Ces décharges, d'apparence anodines, peuvent être désagréables et parfois dangereuses. Si on approche
la main du fil de descente on ressent une décharge fort désagréable, mais très rarement dangereuse pour
l'homme, étant donné la brièveté du passage du courant; mais toute décharge constitue une étincelle
susceptible, soit de claquer des isolants( condensateurs, prises coaxiales), soit allumer des vapeurs
d'essence, d'alcool ou des gaz provenant de fuites; bien des explosion ou des incendies n'ont pas
d'autre cause. Il faut donc mettre les antennes à la terre, soit par un gros conducteur, soit par un
circuit (bobine de couplage à un étage final par exemple).
Un circuit résistant peut aussi écouler
les charges et empêcher d'atteindre des tensions importantes sans pour autant dériver une énergie H.F.
notable pendant le fonctionnement des circuits. Le mieux est encore de munir l'antenne d'une protection
efficace, même pendant le fonctionnement, en créant un point particulier de décharge convenablement
protégé, par exemple avec un tube éclateur, ou un simple tube au néon qui s'amorce dès que la tension
atteint 80 volts; la décharge se produit sous ampoule de verre et élimine tout danger d'explosion ou
d'incendie.
Les nuages orageux sont d'énormes
cumulo-numbus pouvant couvrir plusieurs dizaine de kilomètres carrés et atteindre une épaisseur de 5 km,
ils sont le siège de violents courants ascendants pouvant atteindre 20 mètres par seconde. Survolés en
avion on peut y observer le résultat de ces courants sous la forme de bouillonnements voire de
véritables éruptions. Les orages de chaleur sont dus à des courants ascendants d'air surchauffé au
contact du sol (orages tropicaux). Les orages cycloniques des régions tempérées sont dus à la
rencontre des masses d'air ayant des températures et des humidité très différentes, provoquant des
déplacements verticaux et des condensations, ils peuvent contenir 2 à 3 grammes d'eau par mètre cube
(3 millions de kilogrammes d'eau par kilomètre cube), soit des milliers de tonnes d'eau soulevées et
condensées. Par temps d'orage le champ moyen reste faible, mais des charges de signe contraire
apparaissent dans le nuage lui-même. Lorsque le champ à l'intérieur du nuage atteint des valeurs
suffisantes, des décharges font leur apparition, soit à l'intérieur du nuage, soit entre nuages de
signes opposés, soit entre nuage et sol. Les points de chute sont assez mal connus, beaucoup n'ayant pas été (ou mal)
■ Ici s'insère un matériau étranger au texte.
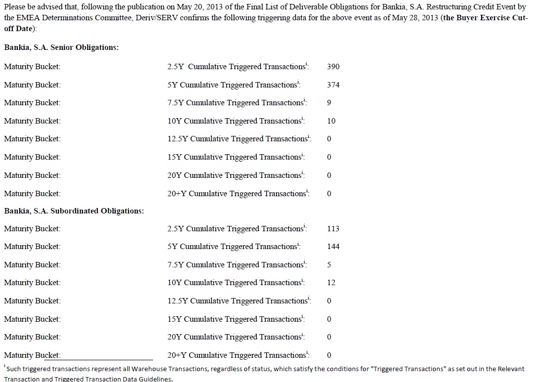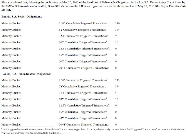 Por si alguien tenía dudas sobre la estafa de Bankia sobre las Participaciones Preferentes, la Deuda Subordinada y el impago de Deuda Senior, el ISDA (International Swaps and Derivatives Association Inc., en español "Asociación Internacional de Swaps y Derivados") ha elaborado una lista por vencimientos de todas las emisiones afectadas por la Reestructuración del FROB.

observés. On connaît mieux ceux qui se situent le long des lignes à haute tension parce qu'ils on fait
l'objet d'études systématiques. On estime approximativement de 5 à 30 points de chute systématique par
département français. Les points frappés paraissent dépendre de la structure du proche sous-sol et de
sa conductibilité, en fait, le relief favorise plus ou moins les courants ascendants et par conséquent
la fréquence des décharges, les points élevés étant toujours plus exposés.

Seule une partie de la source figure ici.